A recent UK government report by the All-Party Parliamentary Group on Microfinance once again raises this question for me. The report’s strong message is that the microfinance sector is “unbalanced”: While access to loans has expanded greatly in the last 15 years, access to other financial services (savings, insurance, and remittances) has not. The report urges the UK’s Department for International Development to play a central role in “refocusing” the sector.
I fully agree that the microfinance industry has come a long way but that there is still much work to do to bring a balanced suite of service to those who need it. Diversification of products is a call to the industry that we at the Center have repeatedly made. Read more about it here.

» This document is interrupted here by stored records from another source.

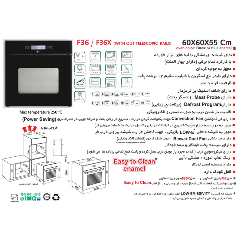 استفاده از لعاب Easy to Clean جهت پوشش کلیه قطعات داخلی اعم از تنوره، فر، سینی و ...
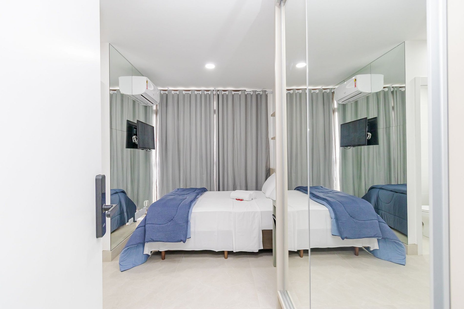 • O apartamento possui fechadura eletrônica, para aparecer o teclado numérico encoste a mão na fechadura, digite a senha e aperte o botão do cadeado aberto;
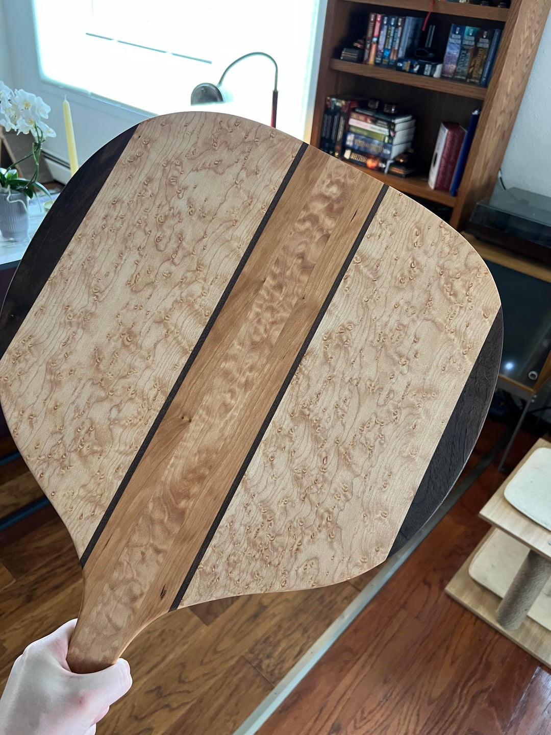 My uncle hand crafted these and gifted them as wedding gifts! by Joebearrr NORMAL OVENpizza 4 Comments Horror-Stand-3969 6 days ago The peel in the first photo is absolutely gorgeous. Almost seems a shame to use it Skirtsteakforlife 6 days ago Pickleball paddle? The_BhagRon 6 days ago Bird’s Eye Maple. Nice. digdugdoink 6 days ago Write A CommentYou must be logged in to post a comment.
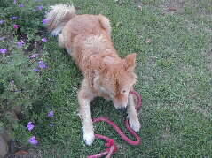 |    姉の家にはアンという犬がいて、龍野へも一緒に来ていました。 私にもすっかりなついてくれて側でおとなしく寝そべっています。 | |
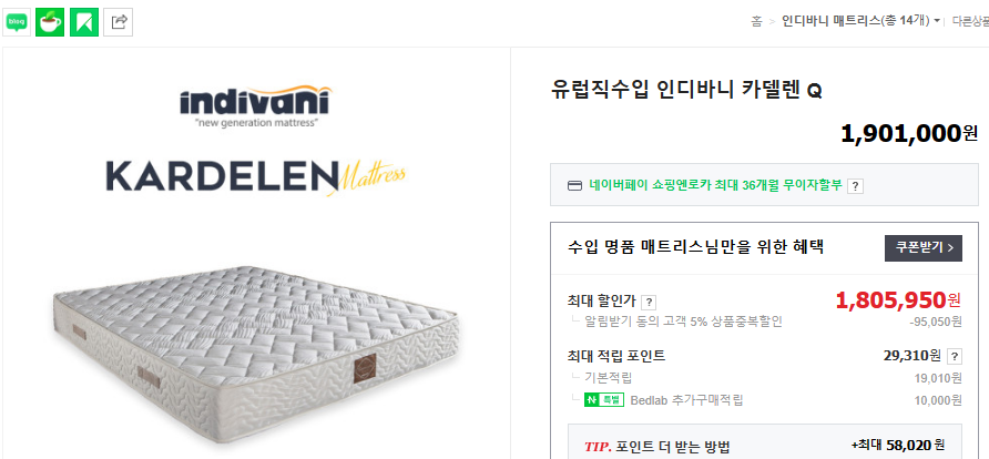 유럽명품 인디바니 매트리스
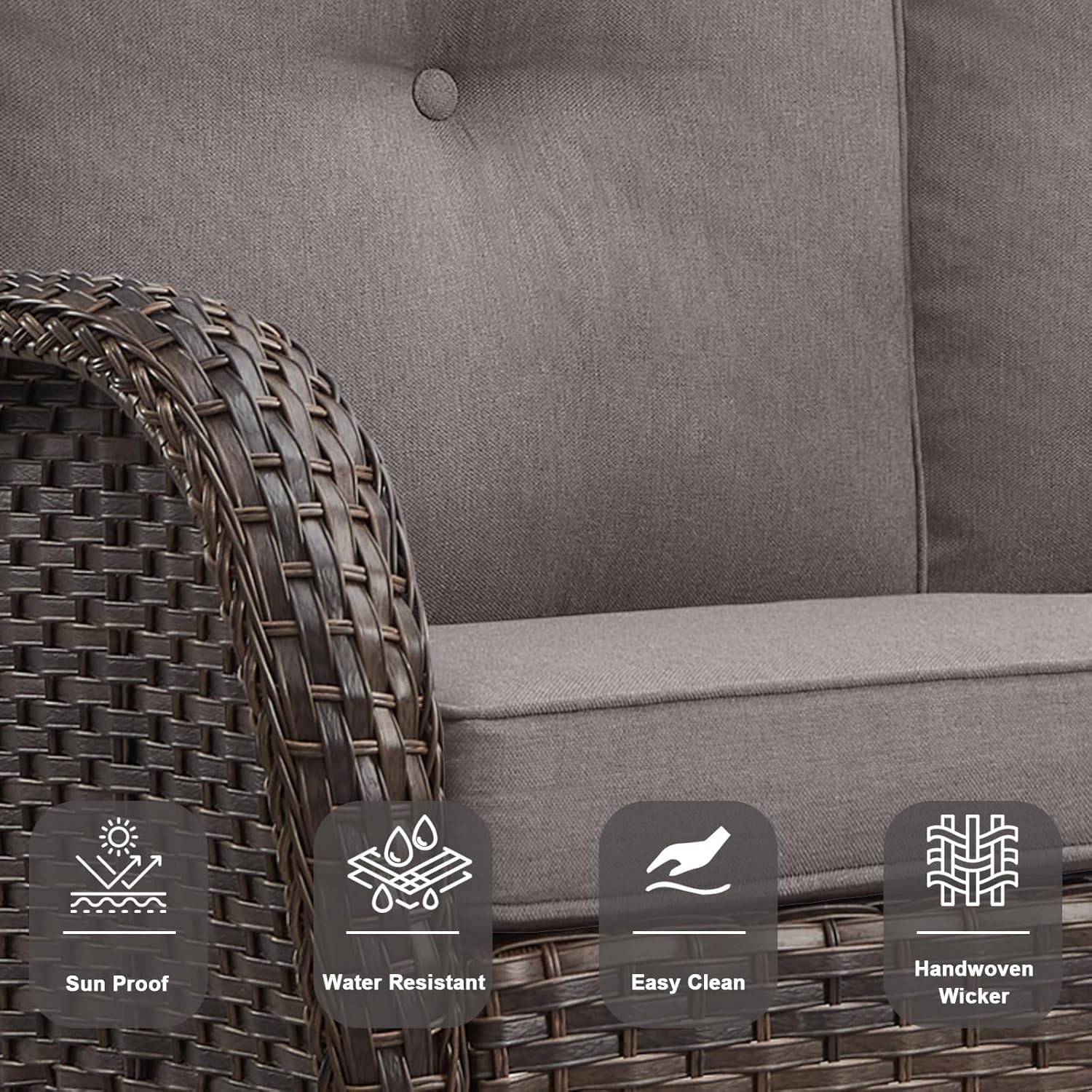 6 Piece Patio Conversation Sets - Wicker Patio Furniture Sets with Outdoor Swivel Rocker Chairs Outdoor Couch Perfect for Deck Patio Backyard, Brown Wicker Grey Cushion
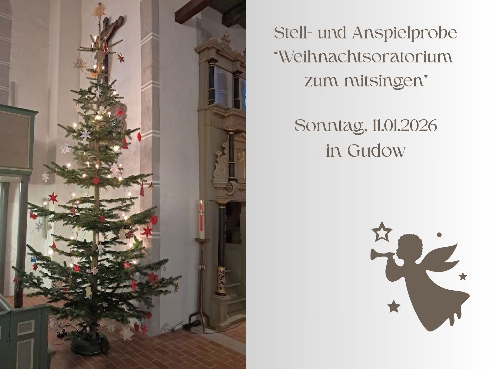 Johann Sebastian Bach:WEIHNACHTSORATORIUMKantaten I+III+VISingende: aus nah & fernEin OrchesterSusanne Bornholdt - LeitungEintritt frei – Spenden willkommenWEIHNACHTSORATORIUM Zum MITSINGENEine Aumühler Weihnachtstradition wandert nach Gudow: das WEIHNACHTSORATORIUM ZUM MITSINGEN. Zum Mitsingen eingeladen sind all jene, die das Werk irgendwann einmal einstudiert haben oder sich im Zuge der Vorbereitung auf diesen Tag intensiv mit der Musik auseinandergesetzt und geübt haben. So wird die reine Musizierfreude an und mit diesem Stück im Vordergrund stehen. Im Orchester werden Jugendliche und Semiprofis unter Anleitung erfahrener Musikerkolleg:innen mitwirken.Wer Interesse am Mitsingen hat, sollte sich per Mail sbornholdt@kirche-ll.de unter Angabe der Stimmgruppe anmelden. Die Anmeldung beinhaltet die verbindliche Teilnahme an folgenden Probenterminen:Sonntag, 4. Januar 12:00 – 17:00 Uhr, Polleyn-Zentrum, Jochim-Polleyn-Platz 9, 23879 Mölln, regionale Chorprobe „Weihnachtsoratorium zum Mitsingen“Samstag, 10. Januar Generalprobe mit Orchester (vorr. bis max 16 Uhr), ebenfalls im Polleyn-ZentrumSonntag, 11. Januar 13:30 Uhr Stell- und Anspielprobe in Gudow15:00 Uhr Gottesdienst mit WeihnachtsoratoriumHörende unseres Weihnachtsoratoriums finden auf den hinteren Bankreihen Platz und sind sowohl im Kirchenschiff als auch auf der Empore mitten drin im musikalischen Geschehen. Im Anschluss gibt es ein fröhliches Beisammensein für alle beim mitgebrachten Buffet in der Pfarrscheune.Susanne Bornholdt

However, one thing that concerns me about the Parliamentary Group’s report is how it narrows the vision of the relevant actors that affect change in the industry. It calls on high-level donors and government agencies to steer the industry in a new direction; in other words, bring the industry back into its fold.
Frankly, this approach is flawed. The microfinance industry has grown up. Organizations like BRI, SKS, Compartamos, FMM Popayan, and Equity Bank, along with many, many others, are no longer donor-dependent. They have achieved financial sustainability that allows them to prosper, grow, and invest in expanding their product offering. Donors and First World governments do not necessarily steer the industry the way they once did. Practitioners themselves and the investors who own and lend to them are increasingly the drivers.
Here at the Center, we have tried to promote a collaborative model that builds on the experience of diverse actors in the microfinance industry (who don’t necessarily always agree). We work to engage the industry through our projects. We’re about to release our survey of a wide range of industry players whose opinions on “Opportunities and Obstacles to Financial Inclusion” will guide the Center’s work going forward. Successful strategies to steer the microfinance industry somewhere must involve industry-wide dialogue, collaboration, transparency, patience, and — perhaps most importantly — compromise.